Cross Entropy Method
The cross-entropy method (CEM) [Kobilarov, (2012), Botev, et al. (2013)] is one of the standard tools seen in model-based RL literature to solve estimation and optimization problems. It is fundamentally based on iteratively minimising the Kullback-Leibler divergence (or cross-entropy loss) between time-evolving versions of a distribution to obtain a final distribution such that there is a high probability of sampling high utility samples (utility is another word for cost or whatever objective is being maximised).
An example use case could be as follows. Given the dynamics and reward model in a reinforcement learning task, CEM (or more precisely, “CEM for optimization” as CEM can also be used for estimation) can be used in the planning step to obtain a “good” action distribution for the current state. Here’s an algorithm for this.
- In the simulation step, sample a sequence of action vectors (say of length = horizon)

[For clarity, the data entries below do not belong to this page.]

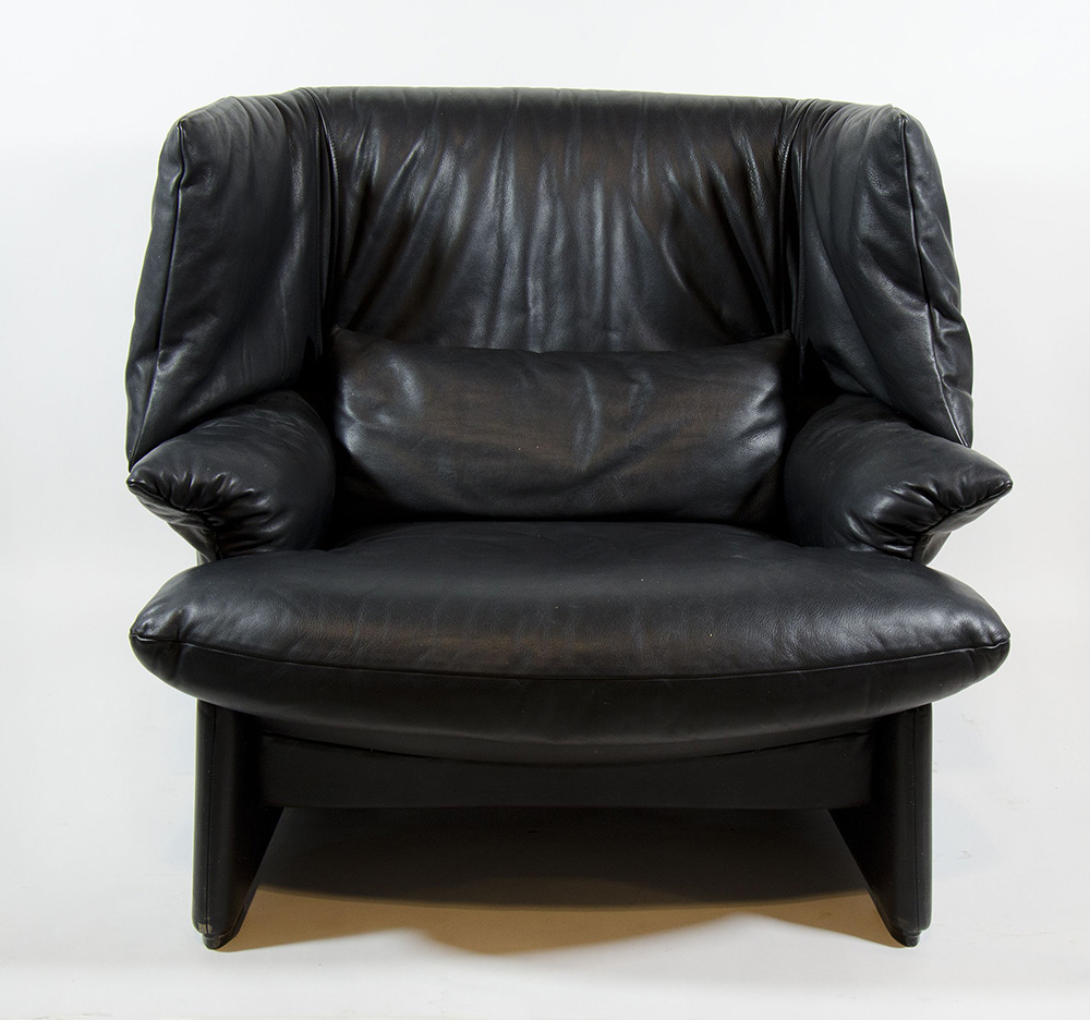 Grande poltrona a pozzetto in pelle nera.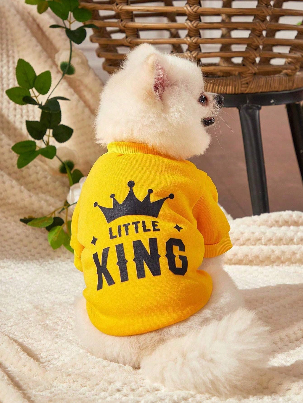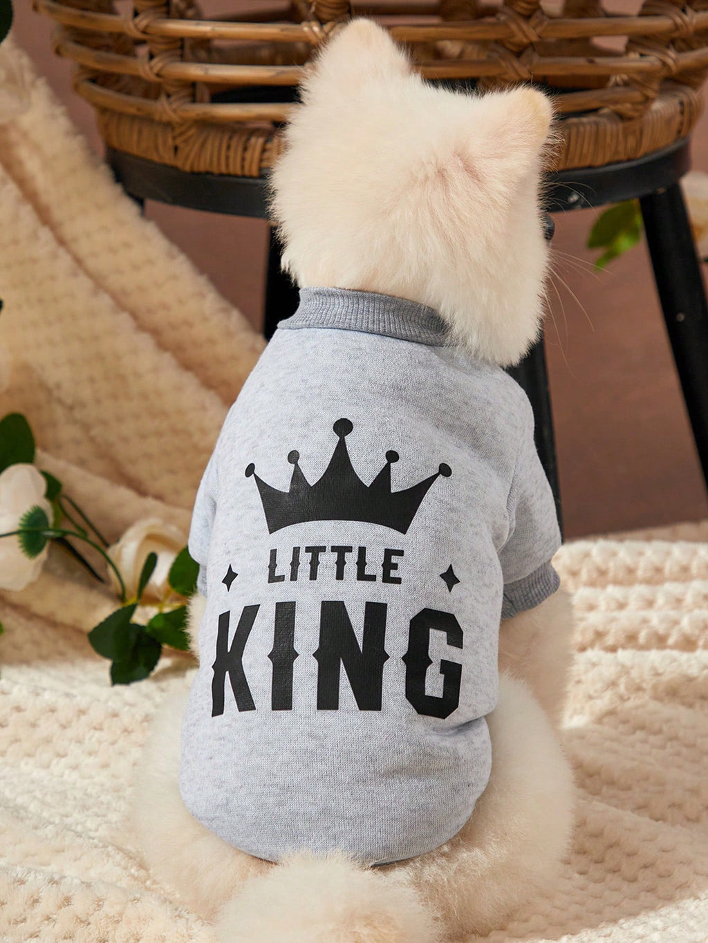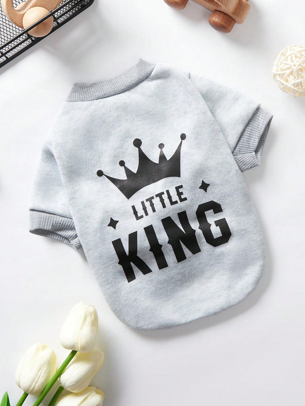 BELLAVOG Debiesn Artist Girlcore 1pc Gray King Crown Printed Pet Sweatshirt Without Hood For Keeping Warm, Holiday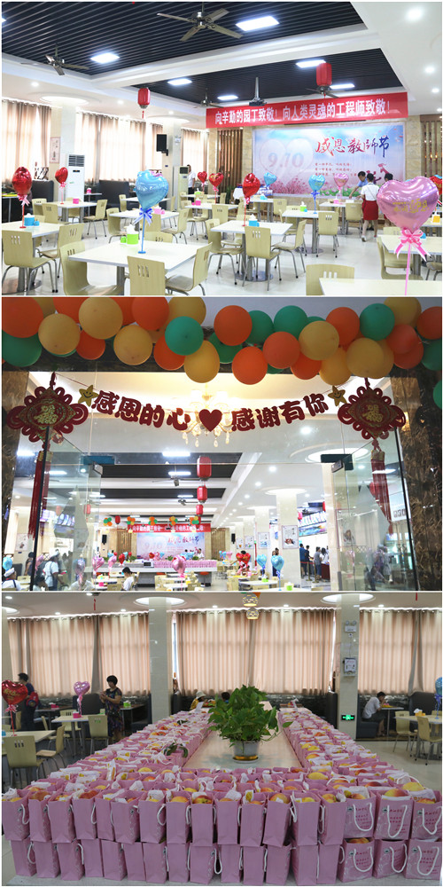 据悉,为喜迎教师节,后勤管理处提前准备,精心策划,前期做了大量的师生调研,真正想为全体教师呈现一个难忘的教师节。教工食堂的第一活动现场之外,学生食堂也在第一时间开展了丰富多彩的节庆活动,虽然形式各异,但都主题突出,均表达了同品节日喜悦,共叙育人情怀,畅想美好未来的美好心愿,后勤管理处希望通过教师节的活动表达对辛勤耕耘在教学科研第一线的教职工们的感谢和关怀。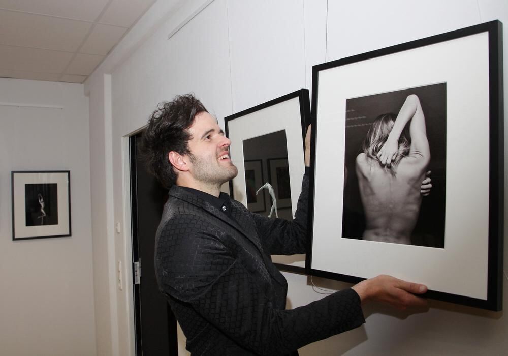 Verrutschen sollten seine Porträts dann doch nicht – Mike Meyer beim Hängen einer seiner Fotografien in der Ausstellung in Hülben. FOTO: KOZJEK

- Evaluate a combined reward signal for this action sequence from the current state
- Update the sampling distribution such that the updated distribution offers a better expected value of the objective
- Repeat for some number of simulation steps
- In the real world, sample a sequence of actions from the final CEM distribution for this state
Formalisation
Although CEM is generally used for optimization, the original problem definition is for rare-event estimation. Its applications are to:
Estimate the probability of a rare event \(l = \mathbb{E}(S(x))\) where \(x\) is a random variable taking values in some set \(\mathcal {X}\) and \(S()\) is some (objective) function on \(\mathcal{X}\). Estimation is especially useful when \(l = \mathbb{P}(S(x) >= \lambda )\) where \(\lambda\) is a threshold indicating the rare event.
Optimize some given objective function \(S(x)\) where \(x \in X\). If \(S()\) is unknown then it can be estimated via simulation.
References
Kobilarov, Marin (2012). Cross-entropy motion planning. The International Journal of Robotics Research
Botev, Zdravko I and Kroese, Dirk P and Rubinstein, Reuven Y and L’Ecuyer, Pierre (2013). The cross-entropy method for optimization.